Personal information
- Full name: Diego José Lapera Sotolongo
- Nickname: Cheo
- Born: 13 November 1950 (age 74) Republic of Cuba
- Height: 1.81 m (5 ft 11+1⁄2 in)

Volleyball information
- Position: Outside hitter
- Number: 9

National team
| 1970–1980 | Cuba |

Medal record
Men's volleyball
Representing Cuba
Olympic Games
| Bronze medal – third place | 1976 Montreal | Team |
FIVB World Cup
| Bronze medal – third place | 1977 Japan |  |
Pan American Games
| Gold medal – first place | 1971 Cali | Team |
| Gold medal – first place | 1975 Mexico City | Team |
| Gold medal – first place | 1979 Caguas | Team |
Central American and Caribbean Games
| Gold medal – first place | 1970 Panama City | Team |
| Gold medal – first place | 1974 Santo Domingo | Team |

= Diego Lapera =

Cuban volleyball player (born 1950)

Diego José Lapera Sotolongo (born 13 November 1950), also known as Diego Lapera, is a Cuban former volleyball player and three-time Olympian who competed in the 1972, 1976, and the 1980 Summer Olympics. He was a critical player late in matches when they were close.

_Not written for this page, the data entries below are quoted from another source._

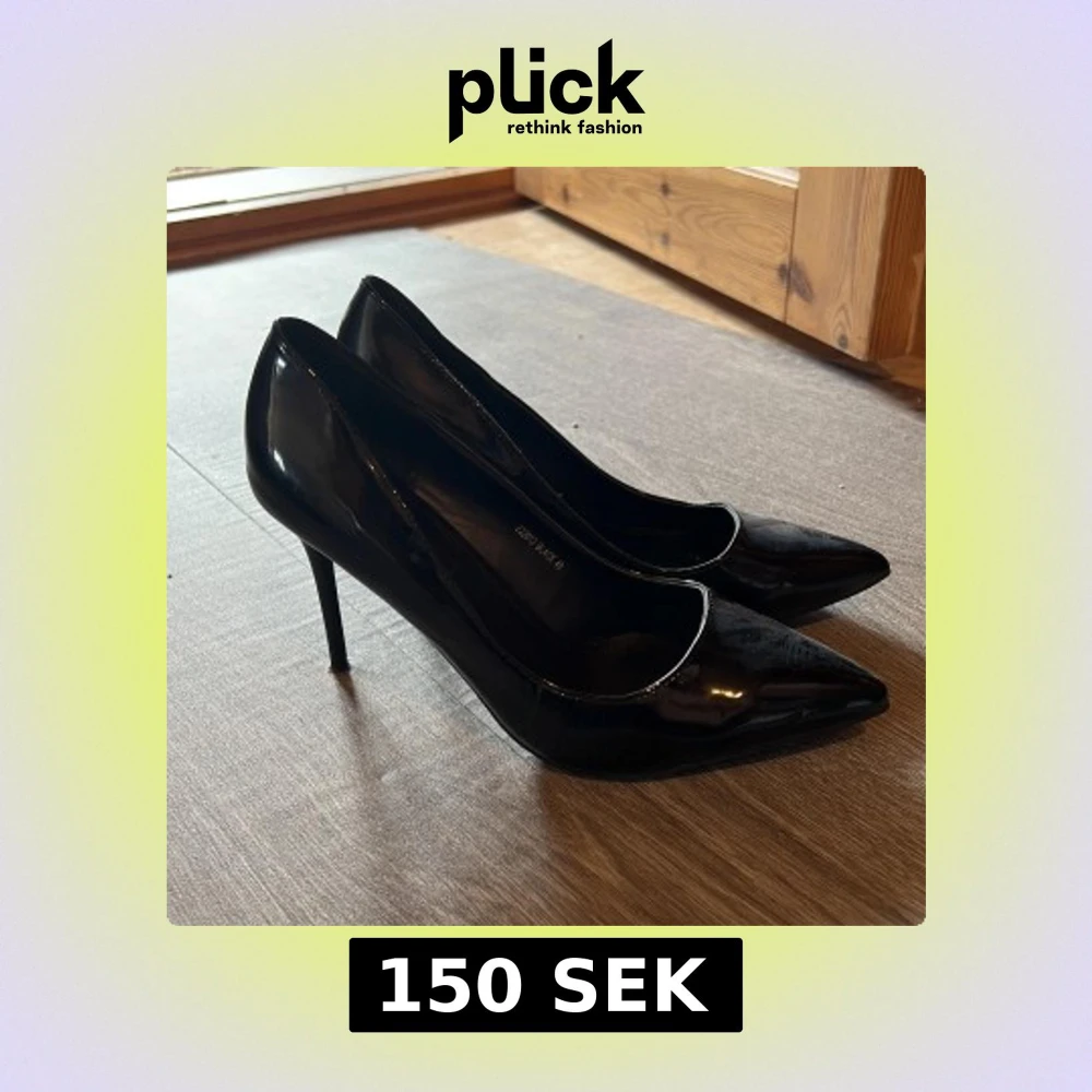 Klassiska svarta pumps i glansigt lackmaterial från Jumex. Skorna har spetsig tå och smal hög klack som ger en elegant siluett. Perfekta för dig som vill ha en stilren och tidlös look med lite edge.
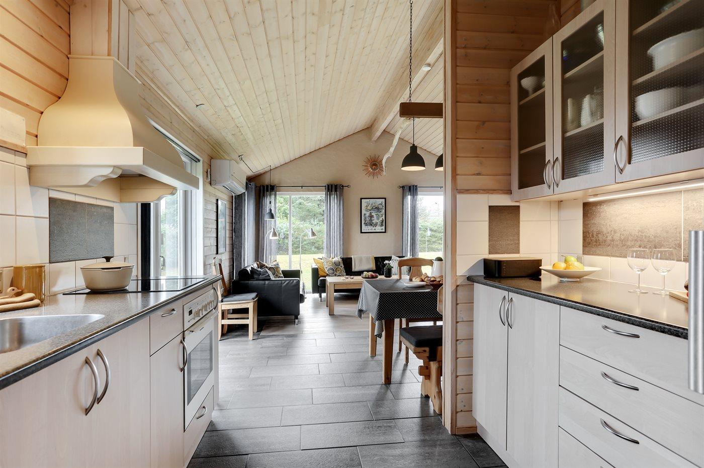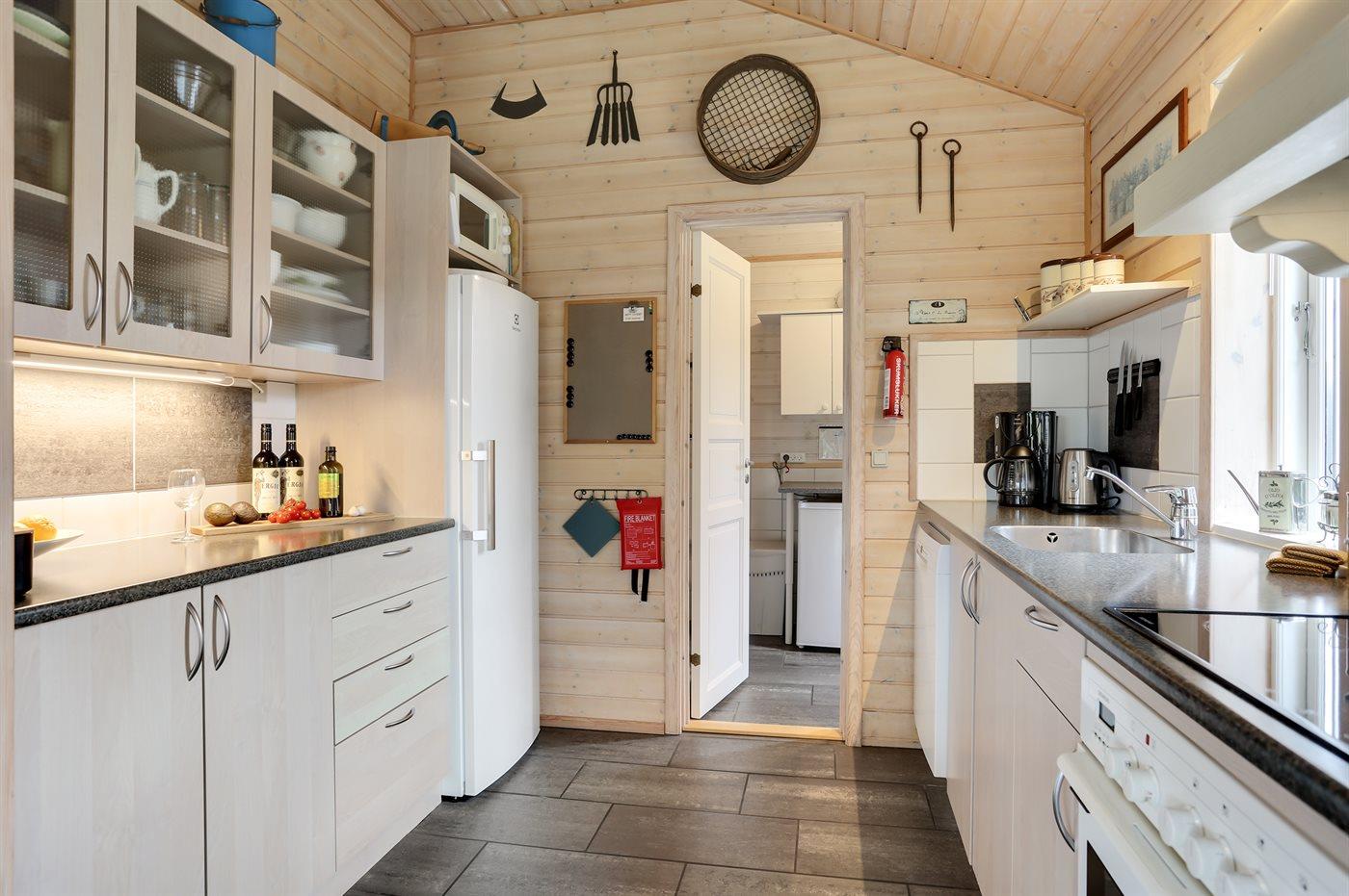 Køkkenet er udstyret med 1 køleskab. Der er 4 keramiske kogeplader, varmluftovn, mikrobølgeovn samt opvaskemaskine.
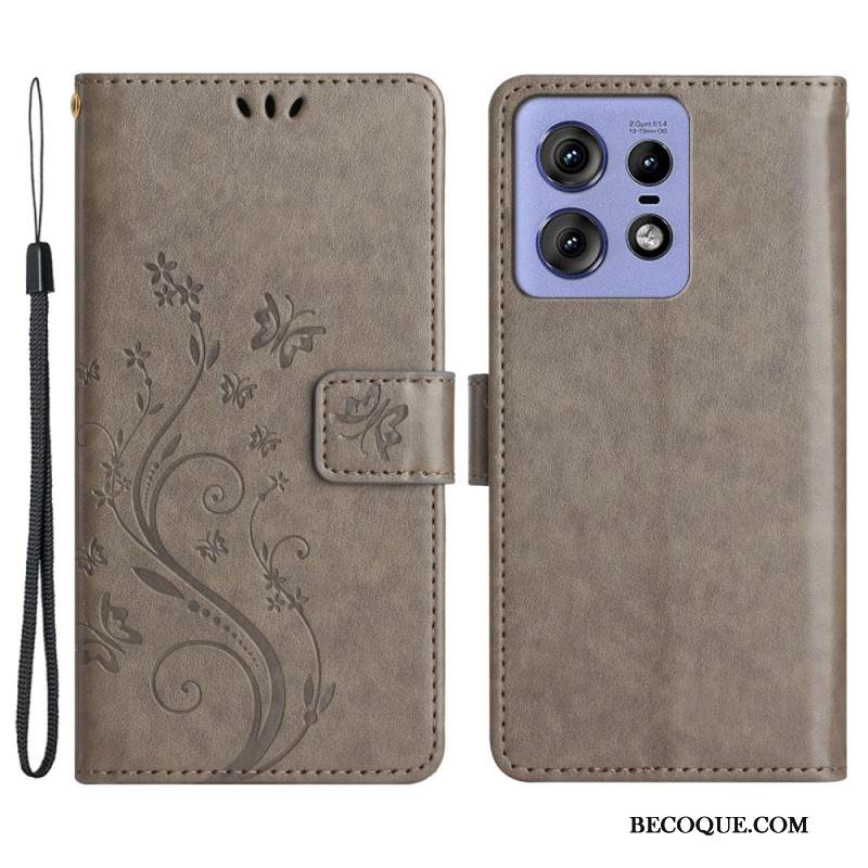 Kotelot Motorola Edge 50 Pro Perhosia Ja Kukkia Hihnalla
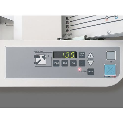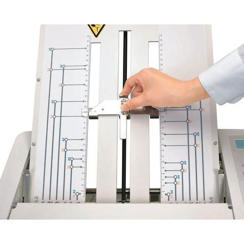 | Per formati | Da B7 a A3Modalità standard: da 40 a 180 fogli A4 al minuto Modalità « riduzione del rumore »: 60 fogli A4 al minuto Modalità « carta spessa »: 60 fogli A4 al minutoModalità « rapida »: 240 fogli A4 al minuto (per una piegatura semplice) |

In 1972, Lapera was part of the Cuban team that finished tenth in the Olympic tournament in Munich. He played all six matches. Four years later, he won the bronze medal with the Cuban team in the 1976 Olympic tournament in Montreal. He played all six matches. In 1980, he was a member of the Cuban team that finished seventh in the Olympic tournament in Moscow. He played two matches.